== Work item ==
Exactly as written, return every line of the data below apart from the pictures.
[Start of section]
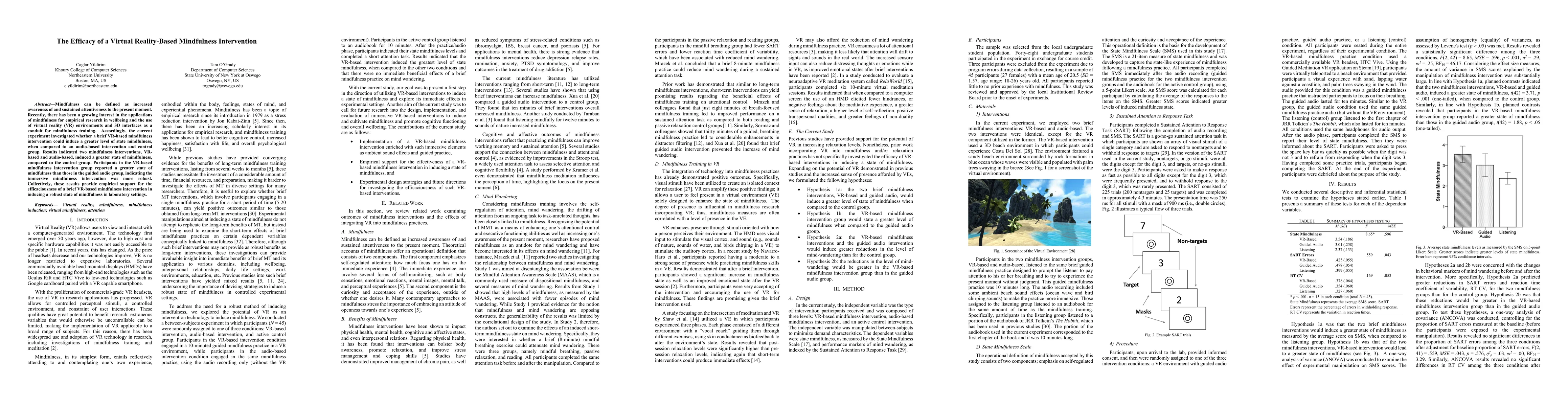 This study evaluates the efficacy of a VR-based mindfulness intervention compared to an audio-based intervention and a control group. Results show both interventions significantly increased state mindfulness, with the VR group reporting a greater effect, supporting the use of immersive VR for mindfulness training.
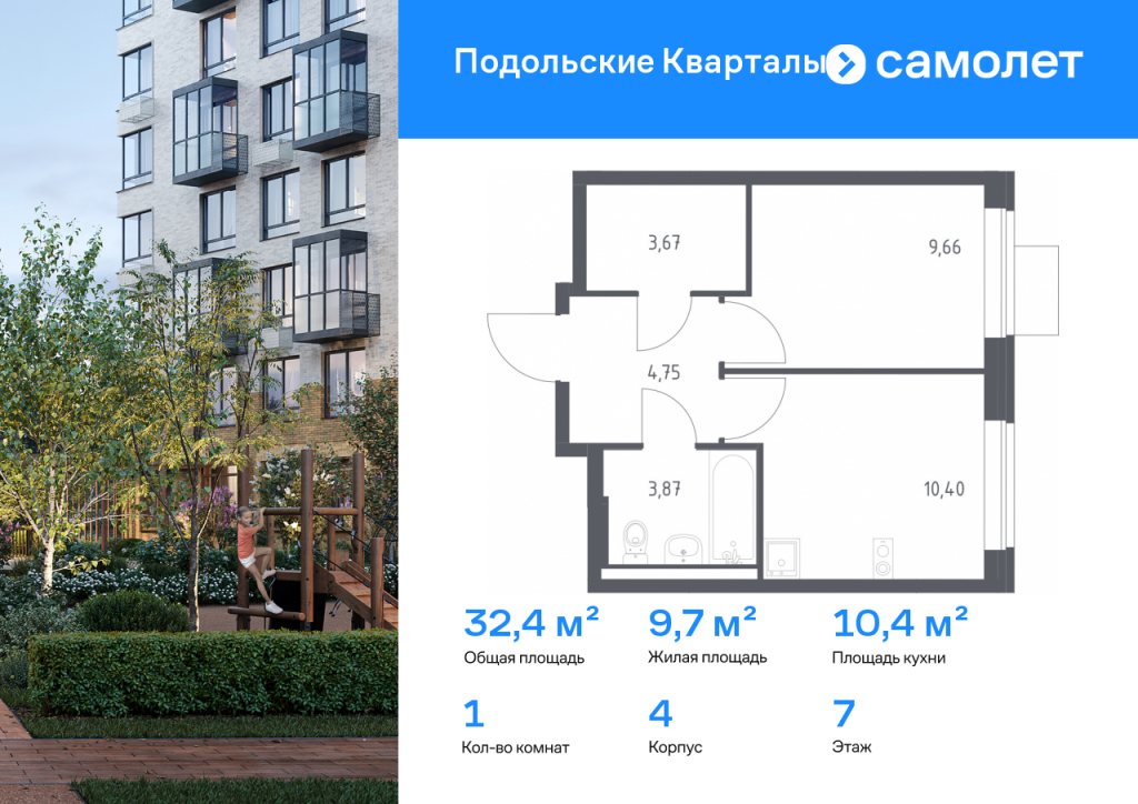 Строим кварталы для жизни с заботой о будущем. Предлагается 1-комнатная квартира комфорт-класса 32,35 кв.м в корпусе 4 на 7 этаже, в ЖК «Подольские Кварталы» Квартира с чистовой отделкой. Доступность дополнительных опций уточняйте у застройщика. Приобрести квартиру возможно по специальным акциям от застройщика, с текущими условиями акций можно ознакомиться в блоке «Акций». Цена динамическая и может отличаться, уточняйте актуальность у застройщика. «Подольские кварталы» — жилой комплекс в Новой Москве, рядом с Дубровицким лесом и рекой Десной. До станции МЦД-2 "Остафьево" - 5 минут на общественном транспорте, до станции МЦД-2 «Силикатная» — 8 минут на машине. Рядом — музей-заповедник «Остафьево», усадьбы Плещеево и Дубровицы. В квартале будут детский сад на 200 мест и учебно-воспитательный комплекс на 1 500 мест, в который войдут школа и детский сад. Первые этажи жилых корпусов займут квартиры, кафе, магазины и салоны красоты. Дворы-парки будут радовать жителей цветением и зеленью: здесь высадят липы, сосны, ели, клены и сирень. Плэйхаб станет местом встреч всех любителей активного отдыха: застройщик оборудует зоны тренажеров и воркаута, площадки для игр в настольный теннис, мяч, шахматы. Также появятся современные игровые площадки для детей. Для автовладельцев предусмотрен многоуровневый паркинг. В проекте — монолитные дома высотой от 9 до 12 этажей. Теплые оттенки фасадов соответствуют дизайн-коду «Янтарный берег». Фасады облицованы ложковой кирпичной кладкой.
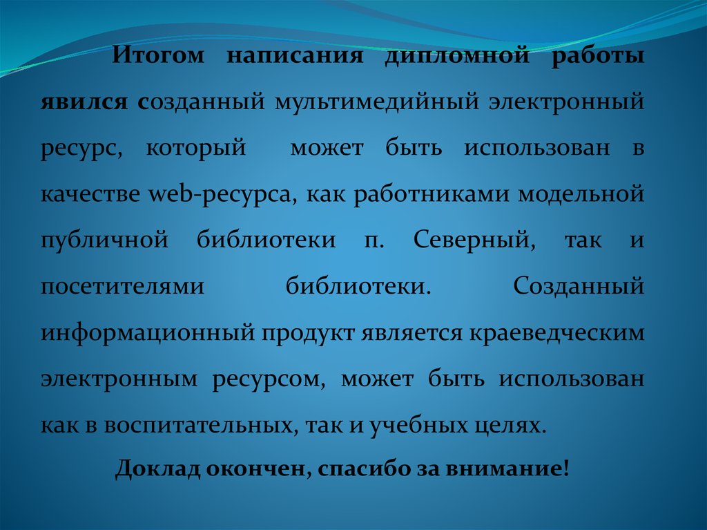 Итогом написания дипломной работыявился созданный мультимедийный электронный
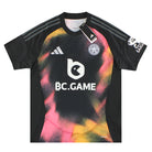 Away shirt is a striking celebration of the club's cultural identity, blending bold design with modern performance. The predominantly black shirt is adorned with vivid beam orange and acid red spray motifs visually capturing the city's vibrant street art
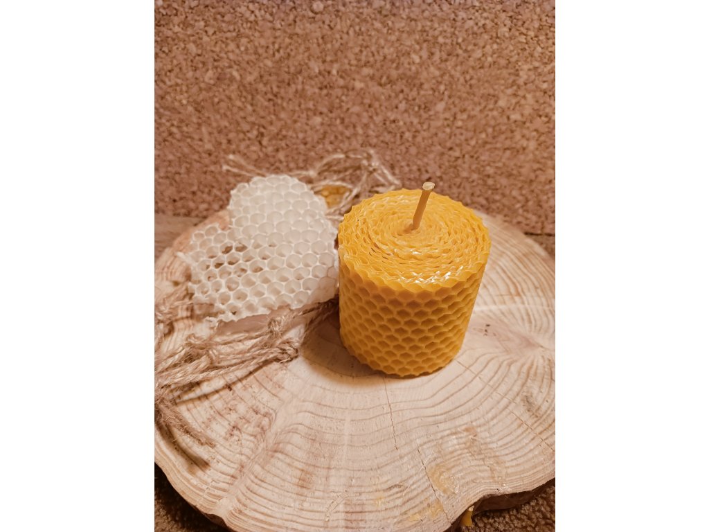 Tato svíce je ručně umotaná z mezistěny ze včelího vosku.
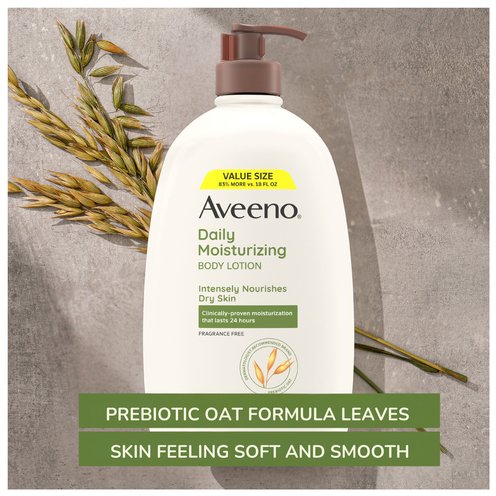 Aveeno Daily Moisturizing Body Lotion with soothing prebiotic oat intensely nourishes dry skin.
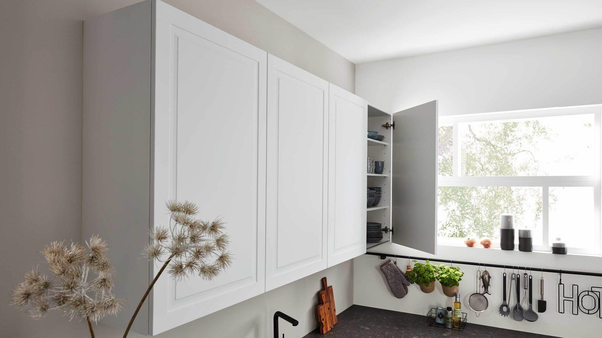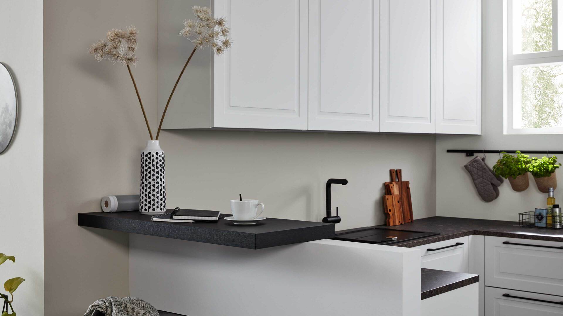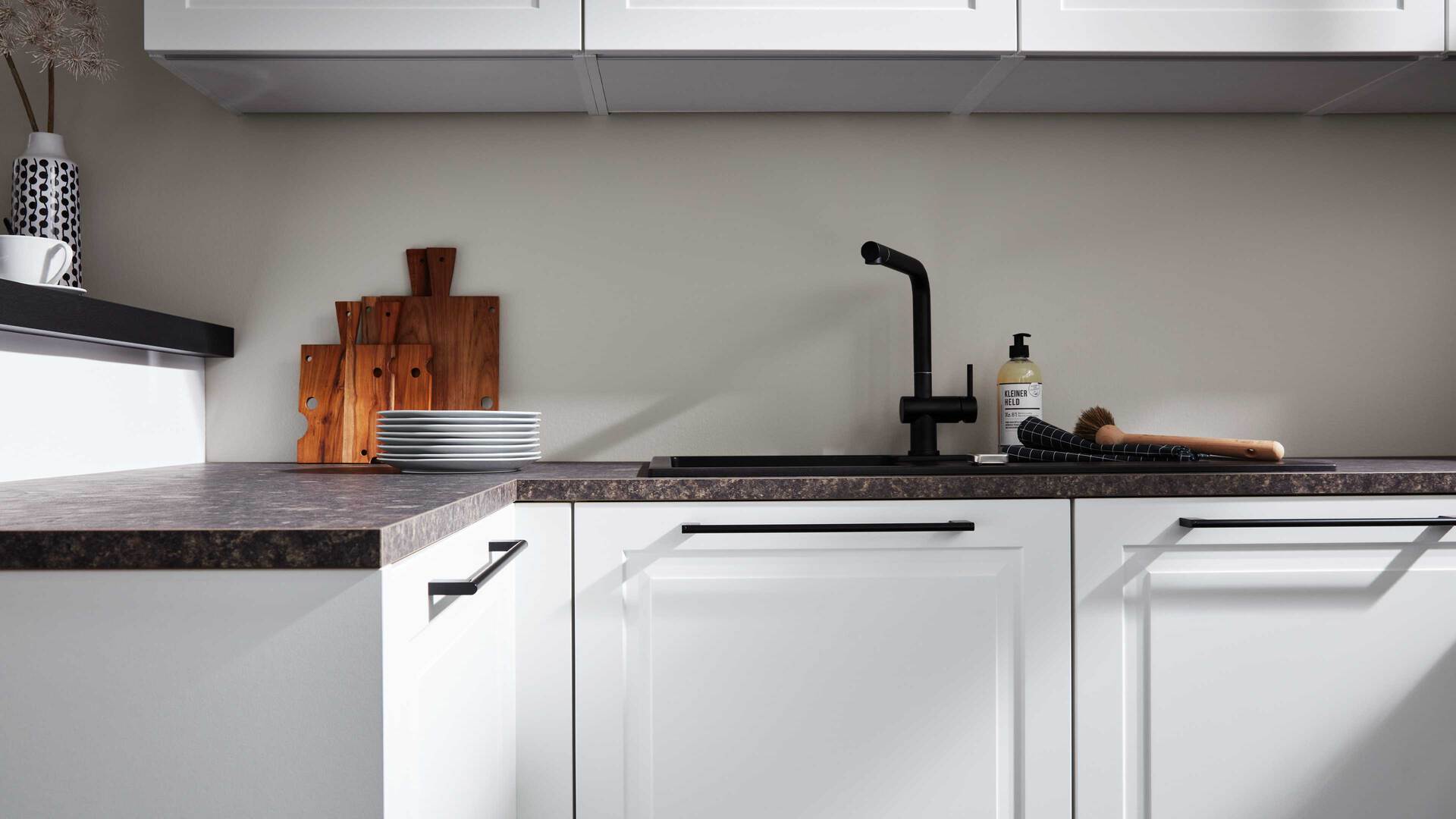 Die Interliving Küche Serie 3045 verbindet klassische Schlichtheit mit modernen Details. Ihre softmatten weißen Fronten wirken zeitlos elegant und harmonieren perfekt mit den premiumweißen Korpussen und Sockelblenden. Für spannende Kontraste sorgen die Arbeitsplatten im Farbton Terra Mare sowie die schwarzen Griffe und der schwarze Tresen, die dem Design eine stilvolle Landhausnote verleihen.
[End of section]
== Exercise answer ==
 This study evaluates the efficacy of a VR-based mindfulness intervention compared to an audio-based intervention and a control group. Results show both interventions significantly increased state mindfulness, with the VR group reporting a greater effect, supporting the use of immersive VR for mindfulness training.
 Строим кварталы для жизни с заботой о будущем. Предлагается 1-комнатная квартира комфорт-класса 32,35 кв.м в корпусе 4 на 7 этаже, в ЖК «Подольские Кварталы» Квартира с чистовой отделкой. Доступность дополнительных опций уточняйте у застройщика. Приобрести квартиру возможно по специальным акциям от застройщика, с текущими условиями акций можно ознакомиться в блоке «Акций». Цена динамическая и может отличаться, уточняйте актуальность у застройщика. «Подольские кварталы» — жилой комплекс в Новой Москве, рядом с Дубровицким лесом и рекой Десной. До станции МЦД-2 "Остафьево" - 5 минут на общественном транспорте, до станции МЦД-2 «Силикатная» — 8 минут на машине. Рядом — музей-заповедник «Остафьево», усадьбы Плещеево и Дубровицы. В квартале будут детский сад на 200 мест и учебно-воспитательный комплекс на 1 500 мест, в который войдут школа и детский сад. Первые этажи жилых корпусов займут квартиры, кафе, магазины и салоны красоты. Дворы-парки будут радовать жителей цветением и зеленью: здесь высадят липы, сосны, ели, клены и сирень. Плэйхаб станет местом встреч всех любителей активного отдыха: застройщик оборудует зоны тренажеров и воркаута, площадки для игр в настольный теннис, мяч, шахматы. Также появятся современные игровые площадки для детей. Для автовладельцев предусмотрен многоуровневый паркинг. В проекте — монолитные дома высотой от 9 до 12 этажей. Теплые оттенки фасадов соответствуют дизайн-коду «Янтарный берег». Фасады облицованы ложковой кирпичной кладкой.
 Итогом написания дипломной работыявился созданный мультимедийный электронный
 Away shirt is a striking celebration of the club's cultural identity, blending bold design with modern performance. The predominantly black shirt is adorned with vivid beam orange and acid red spray motifs visually capturing the city's vibrant street art
 Tato svíce je ručně umotaná z mezistěny ze včelího vosku.
 Aveeno Daily Moisturizing Body Lotion with soothing prebiotic oat intensely nourishes dry skin.
 Die Interliving Küche Serie 3045 verbindet klassische Schlichtheit mit modernen Details. Ihre softmatten weißen Fronten wirken zeitlos elegant und harmonieren perfekt mit den premiumweißen Korpussen und Sockelblenden. Für spannende Kontraste sorgen die Arbeitsplatten im Farbton Terra Mare sowie die schwarzen Griffe und der schwarze Tresen, die dem Design eine stilvolle Landhausnote verleihen.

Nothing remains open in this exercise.